Thursday, November 12, 2009

Losing your cool

When is the age when you're not allowed to do certain things anymore? Like all the stuff that used to be cool, you still think is but everyone looks at you like you're and idiot because you still do. Perfect example: video games. I think this is something that my generation (AKA the first people to have Nintendo) is the first to experience. Are we all going to be like 75 and playing xbox12million? Will they have fixed the red ring of death thing by then? Of course if you're like me, then you probably won't be playing anymore. The only video game system I own is Nintendo 64 because you still can't fuck with Mario Kart 64. No contest, best game ever. Golden Eye 64 is a close second. It is 1B to MK64's 1A.

Other things that you "grow out of"

- Basketball shoes - They're so comfortable!!! I wore them from elementary through like 10th grade. If I wore them now?? I'd look like a complete tool. It sucks! I want those new zoom air LeBron maxes or whatever they're called, but I don't want to spend $200 to be ridiculed. That already happens to me free of charge.

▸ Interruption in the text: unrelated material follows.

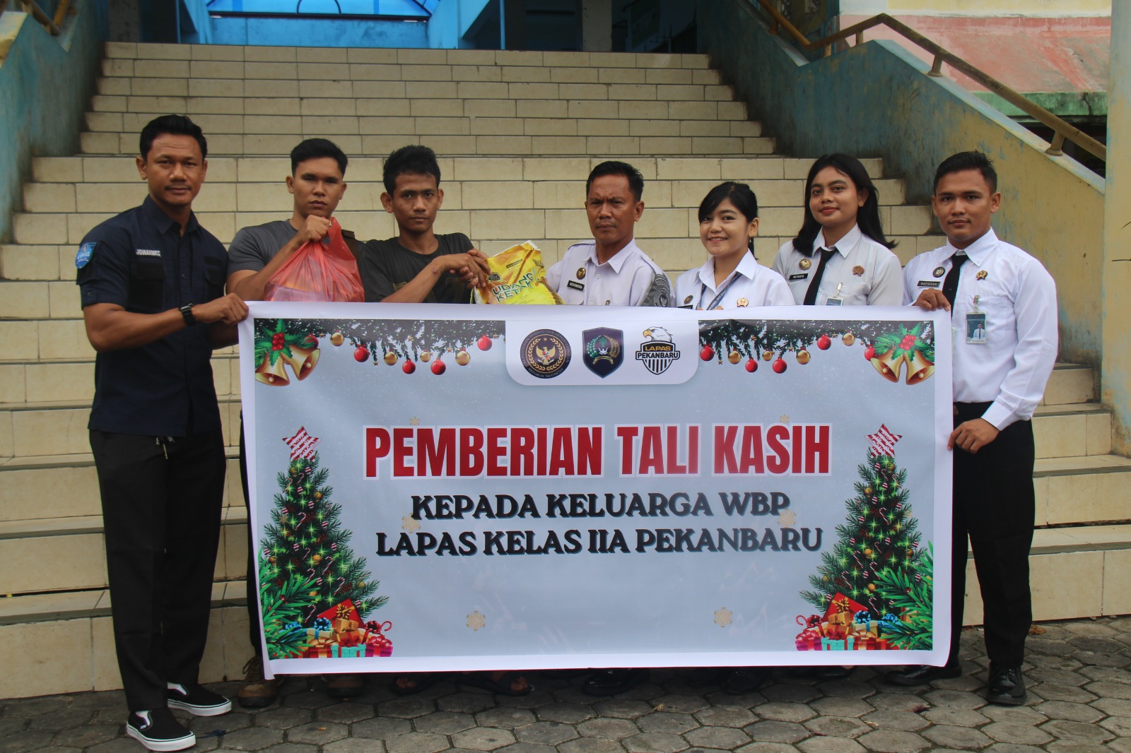 TIDAR NEWS.COM – Bakti Sosial Lembaga Pemasyarakatan (Lapas) Kelas IIA Pekanbaru, kepada keluarga warga binaan yang kurang mampu, menyambut Perayaan Natal dan Tahun Baru (Nataru) sebagai wujud kepedulian serta komitmen Lapas dalam menghadirkan semangat kebersamaan dan berbagi kasih, Rabu (10/12/25).

Thanks to my girlfriend.

- Sports Jerseys - I wear my Nike Throwback 1995 Eddie George jersey every football Saturday, but I'm concerned that one birthday it's just going to become uncool for me to wear it. Like overnight the grown-up fairy flies in through my window, taps me wither her magic wand, and presto, i suck at life and am not allowed to wear a jersey anymore.

- Driving a cool car - Still hasn't happened to me, but it has to before kids come along and ruin my life . You'll never have a chance to have a cool car again until they all leave your house. Then it's seen as 1) mid-life crisis and 2) you have a tiny penis/impotence. I do not want either of those labels thank you. For example, what pops in to your head when you see a guy driving a [pussy-magnet yellow] Corvette? I rest my case.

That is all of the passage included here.